Precision RAG with Deduplication

A production-ready Retrieval-Augmented Generation (RAG) pipeline that lets you upload PDF documents and get accurate, cited answers to natural-language questions — with built-in duplicate prevention and optional result reranking.

What This Project Does

Imagine uploading your company's 200-page policy manual and then simply asking "What is the leave encashment policy?" — and getting a precise, cited answer back in seconds.

This system makes that possible. It:

Ingests PDF documents, splits them into smart chunks, and stores them as searchable vectors.
Deduplicates automatically — the same file uploaded twice is silently skipped, saving cost and time.
Retrieves the most relevant text chunks for any question using semantic search.
Reranks those chunks with a second-pass precision model for sharper relevance.
Generates a clean, cited answer using a large language model.

Architecture & Data Flow

graph TD

    subgraph Ingestion Pipeline
        A[Upload PDF via /ingest] --> B[Select Namespace]
        B --> C[Compute SHA-256 Hash]
        C --> D{Duplicate Exists?}
        D -->|Yes| E[Skip — Already Indexed]
        D -->|No| F[Extract Text with PyMuPDF]
        F --> G[Clean & Preprocess Text]
        G --> H[Chunk — 500 tokens, 60-token overlap]
        H --> I[Attach Metadata: page, source, hash, namespace]
        I --> J[Embed & Upsert to Pinecone]
    end

    subgraph Query Pipeline
        K[User Query via /query] --> L[Select Namespace]
        L --> M[Validate Request]
        M --> N{Rerank Enabled?}
        N -->|No| O[Semantic Retrieval — Top 5 Chunks]
        N -->|Yes| P[Retrieve + Rerank — Top 4 Chunks]
        O --> Q[Build Context with Citations]
        P --> Q
        Q --> R[LLM Generation via openai/gpt-oss-120b]
        R --> S[Answer with Inline Citations]
    end

    J -. Namespace-Isolated Storage .- O
    J -. Namespace-Isolated Storage .- P

Impact & Key Achievements

What Was Built	Why It Matters
SHA-256 deduplication layer	Prevents redundant vector upserts; cuts embedding API costs on repeat ingestions
Pinecone native reranker	Boosts precision of top retrieved chunks — fewer irrelevant results reach the LLM
Page-level citation metadata	Every LLM answer is traceable to an exact page, making the system auditable and trustworthy
Namespace isolation	Multiple document collections can coexist without cross-contamination
Async-ready FastAPI backend	Handles concurrent requests and scales horizontally

Problems Faced & How They Were Solved

1. Duplicate documents bloating the vector index

Problem: Re-uploading the same PDF created redundant vectors, inflating storage costs and degrading retrieval quality.
Solution: Computed a SHA-256 hash of each document at ingest time and stored it as metadata in Pinecone. Before any chunking or embedding, the system checks if the hash already exists in the target namespace and short-circuits if so.
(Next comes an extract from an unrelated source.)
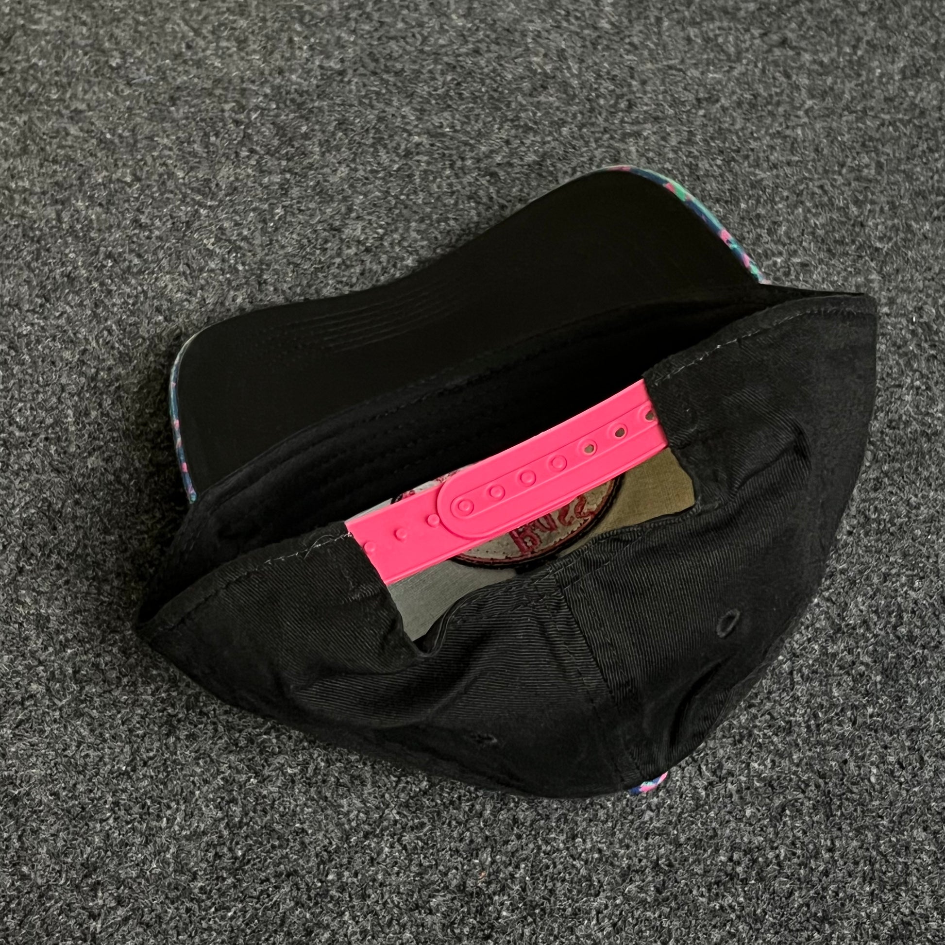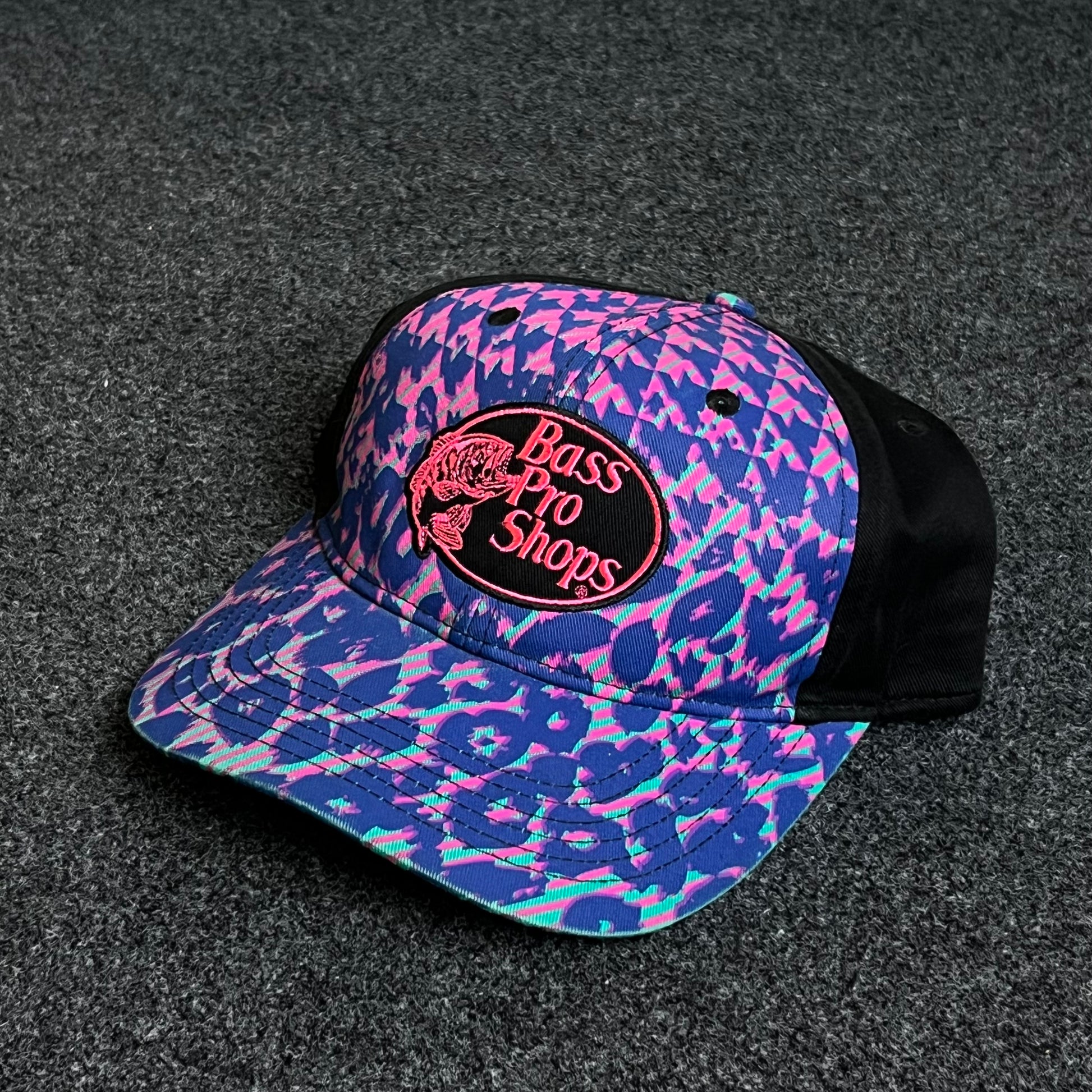 This is a Bass Pro Shops Animal Print Mesh Baseball Cap, featuring a vibrant mix of purple and pink animal print on the front panels and bill, paired with black mesh on the back for ventilation. The front showcases a bold, embroidered Bass Pro Shops logo patch in neon pink and black, combining fishing culture with a playful, streetwear-inspired twist. Designed with an adjustable snapback for one-size-fits-most comfort, this hat is lightweight, breathable, and perfect for making a unique fashion statement while enjoying the outdoors.

2. Semantic search returning loosely related chunks

Problem: Vector cosine similarity alone sometimes surfaces chunks that are topically adjacent but not the best answer.
Solution: Integrated Pinecone's native reranking model as a post-retrieval step. Retrieved top-10 candidates are re-scored by a cross-encoder and narrowed to the top 4, dramatically improving answer precision.

3. Text and context lost at page boundaries

Problem: Naively splitting text at fixed character counts broke sentences and paragraphs across PDF pages, losing context.
Solution: Implemented page-aware chunking with a 60-token overlap window, ensuring that each chunk retains enough adjacent context and that no key sentence is silently dropped at a boundary.

4. Unverifiable LLM answers ("hallucinations")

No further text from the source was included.